Calcutta, July 27: The Chatterjee Group, promoted by NRI entrepreneur Purnendu Chatterjee, is set to acquire a majority stake in MCC PTA India (MCPI) from Japanese major Mitsubishi, as it prepares to build on the success of turning around Bengal's showpiece project Haldia Petrochemicals.
The deal, signalling a consolidation in the Indian chemical sector, is likely to be concluded by December after Mitsubishi wipes out the accumulated loss of MCPI and takes the company out of the BIFR to hand over a clean slate to Chatterjee.
The Japanese major will hold a 9 per cent stake following the restructuring and the induction of TCG, which will hold the rest. Bengal industry promotion arm WBIDC will hold a small stake (at present 5 per cent).
Speaking to The Telegraph, TCG chairman Purnendu Chatterjee said he was "humbled and honoured" to be associated with one of the largest chemical companies of the world - Mitsubishi Chemical Corporation, the parent of MCPI.
"With the association of MCC and its expertise and technology, there is a possibility to develop more downstream chemical units at Haldia and turn it into a larger chemical complex in future," Chatterjee said.
Following the conclusion of the deal, TCG will own two major manufacturing companies in Bengal.

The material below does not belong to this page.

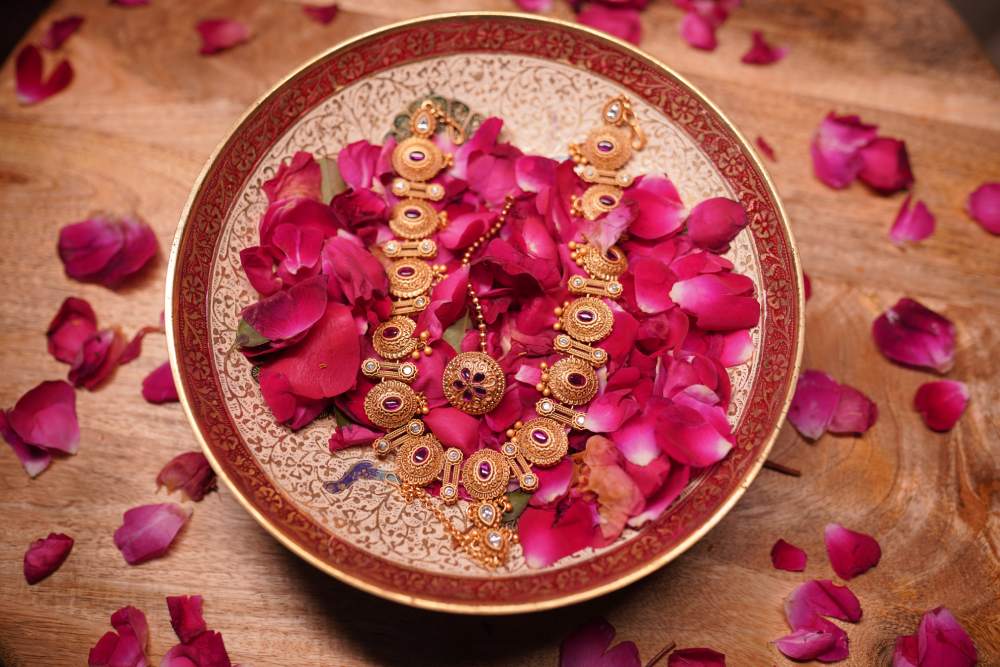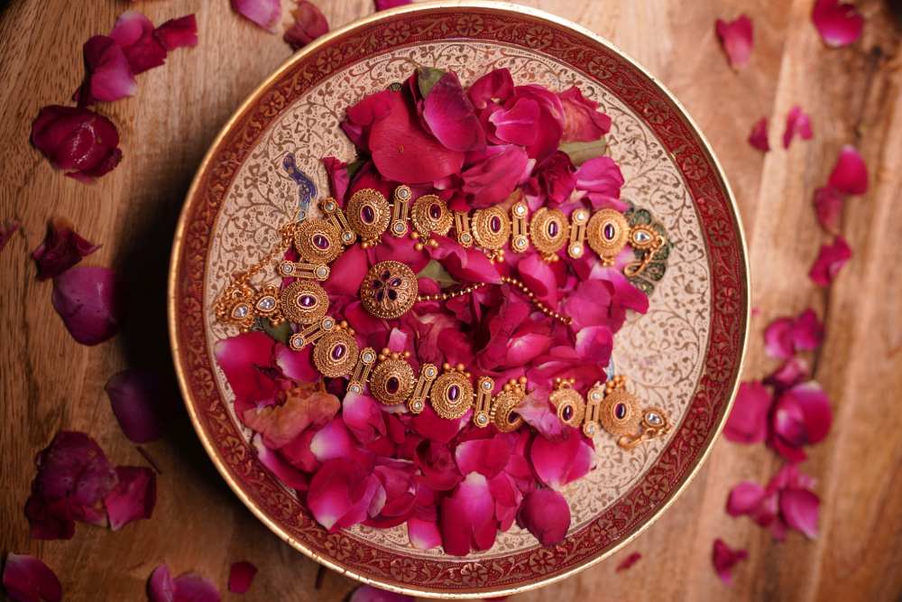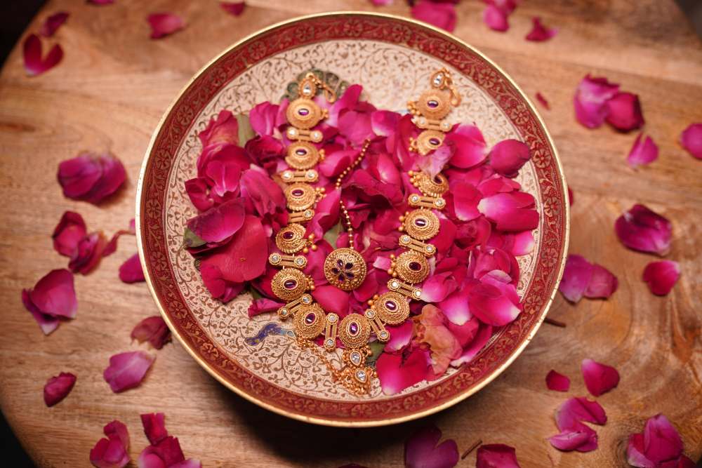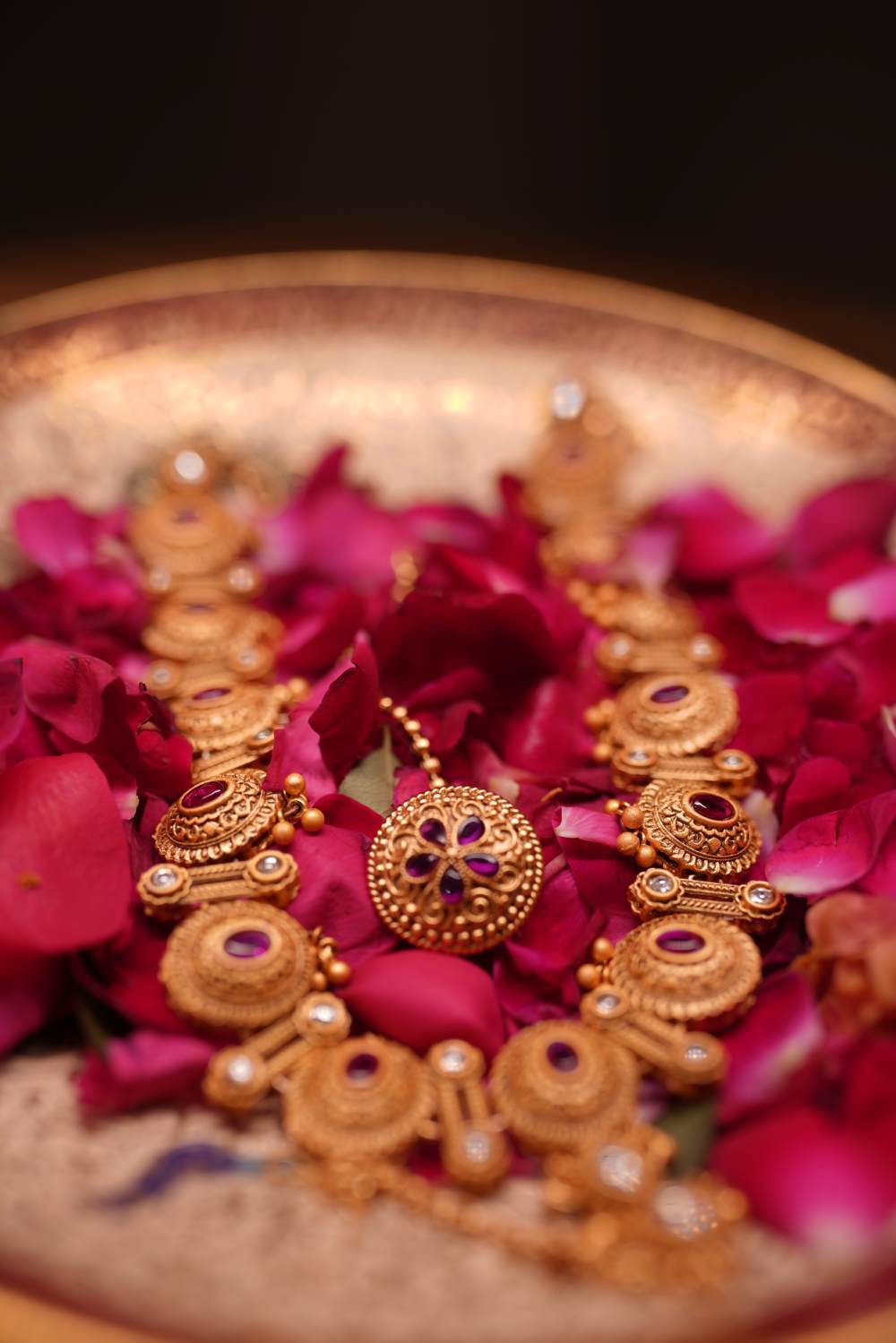 Content: Antique gold with ruby and pearl embellishments

Chatterjee now holds a majority stake in HPL, which he managed to turn into a profitable venture.
Sources said TCG will pay around $48 million (Rs 322 crore) in the first tranche for the deal and further payments would be made.

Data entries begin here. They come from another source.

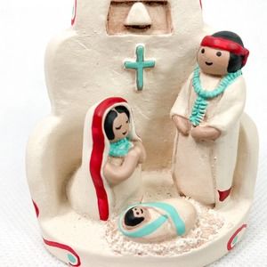 Vintage, Clay Sculpture, Native Southwest Nativity Ornament signed Teissedre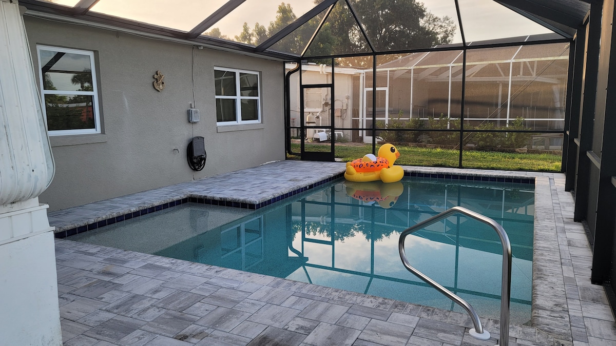 PASLĖPTAS PERLAS Idealiu atveju įsikūręs pačioje Šiaurės uosto širdyje, už mylios nuo Warm Mineral Springs. Liko mažiau nei 25 minutės iki ryklių dantų sostinės, Braves stadiono/Wellen parko, netoli paplūdimių, o šeimos vandens centras yra visai šalia. Jauskitės kaip namie su patogiomis lovomis (užuolaidomis), įrengta virtuve (su kavos baru), dviem vonios kambariais (su rankšluosčiais ir tualeto reikmenimis) ir dideliu Floridos kambariu (biliardo stalu ir stalo žaidimais) su vaizdu į privatų kiemą (kepsninę ir laužavietę).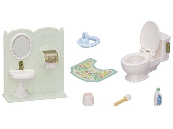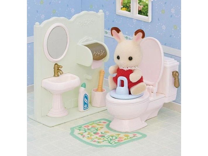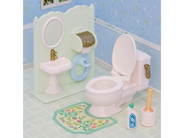 Toiletsættet indeholder toilet, håndvask, rengøringsmidler, pottesæde og toiletmåtte. Du kan skylle toilettet ved at trække i håndtaget og toiletpapiret kan rulles ud. Figurer kan sidde på toilettet. Pottesædet kan fastgøres til toilettet for at toilettræne babyerne. Håndvasken inkluderer spejl, håndvask og toiletpapirholder. Der er endda plads til at opbevare pottesædet. Du kan bruge toiletrenseren og børsten til at rengøre toilettet. Kombiner med Sylvanian-figurer, huse og møbler (sælges separat) for endnu mere sjov. Velegnet til alderen 3+.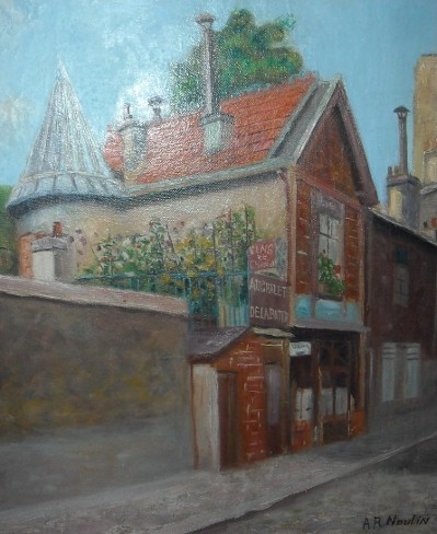 Un peu plus loin au numéro 5, impossible de ne pas tomber sous le charme de la petite maison en briques rouges, vestige de l’exposition universelle de 1889, où Georges Courteline vécut quelques années avant de s’installer rue Lepic (certainement au début des années 1890). L’auteur de théâtre aimait tellement Montmartre qu’il prétendait y être né (alors qu’il était tourangeau), mais ses grands-parents possédaient effectivement une maison de vacances au 40 rue du Chevalier de la Barre (ancienne rue Fontenelle) où il passait tous ses étés. Un tableau signé A.R. Noulin (mais non daté) représente la maison qui semble alors être un bistrot dénommé Le Chalet de la Butte.

For Mitsubishi, it is a strategic call from Tokyo to exit the commodity chemical business and focus on value added products.

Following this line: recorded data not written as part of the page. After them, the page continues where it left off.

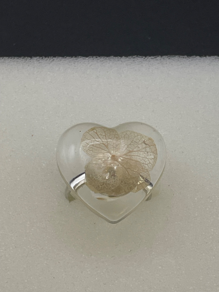 Bague avec fleur séchée incrustée dans la résine.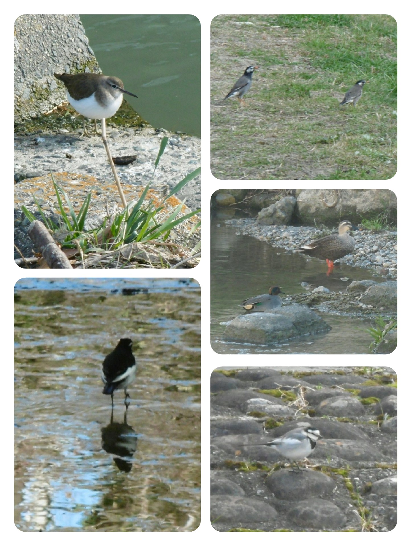 イソシギ、セグロセキレイ、ムクドリ、カルガモ、コガモ、ハクセキレイ。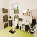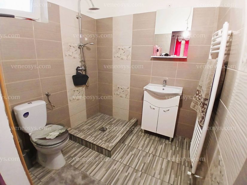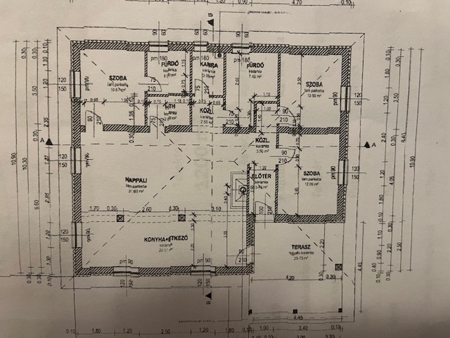 Ház elosztása: előtér, amerikai konyhás nappali, 3 külön bejáratú szoba, 2 fürdőszoba, kamra.
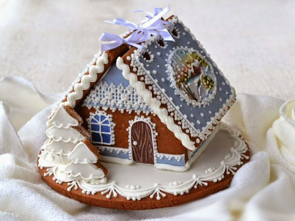 Оформление простое, но с одной яркой деталью: венок, объёмная снежинка, окошко из карамели.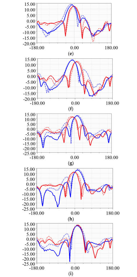Comparing the radiation patterns between simulation and measured data under various conditions. (a) Azimuthal phase shifters with a capacitance value of 1.5 pF and elevation phase shifters with a capacitance value of 2.0 pF. (b) Azimuthal phase shifters with a capacitance value of 2.0 pF and elevation phase shifters with a capacitance value of 2.0 pF. (c) Azimuthal phase shifters with a capacitance value of 3.0 pF and elevation phase shifters with a capacitance value of 2.0 pF. (d) Azimuthal phase shifters with a capacitance value of 1.5 pF and elevation phase shifters with a capacitance value of 3.0 pF. (e) Azimuthal phase shifters with a capacitance value of 2.0 pF and elevation phase shifters with a capacitance value of 3.0 pF. (f) Azimuthal phase shifters with a capacitance value of 3.0 pF and elevation phase shifters with a capacitance value of 3.0 pF. (g) Azimuthal phase shifters with a capacitance value of 1.5 pF and elevation phase shifters with a capacitance value of 1.5 pF. (h) Azimuthal phase shifters with a capacitance value of 2.0 pF and elevation phase shifters with a capacitance value of 1.5 pF. (i) Azimuthal phase shifters with a capacitance value of 3.0 pF and elevation phase shifters with a capacitance value of 1.5 pF.

The company will completely offload the PTA business in China, selling the plant to an oil refiner in Ningbo. However, it will retain the Thailand facility that supplies to group firms and another unit in South Korea.
The Japanese major said it would make the Indian arm a zero-debt company after fresh infusion of additional capital. This will take place before the acquisition by TCG. This would enable MCPI to mitigate its debt servicing and depreciation liability, factors that had been affecting its profitability.
MCPI set up the plant to produce purified terephthalic acid (PTA), the raw material for polyester fibre and PET resin, at Haldia in 1997 at a total investment of around Rs 3,600 crore in two phases, making it one of the largest Japanese foreign direct investment in India.
The unit now has an installed capacity of 1.27 million tonnes with a turnover of around Rs 6,000 crore employing around 1,100 people.
However, owing to severe market conditions, MCPI became a "sick unit" in April 2013 and had subsequently been referred to the Board for Industrial and Financial Reconstruction.
A sudden build-up of huge overcapacity in China since 2011 and a resultant dumping in the Indian market caused the prolonged slowdown in the PTA business, MCPI said in a statement.
However, the recent imposition of anti-dumping duty on imports from China, Thailand, Indonesia has improved the scenario to an extent.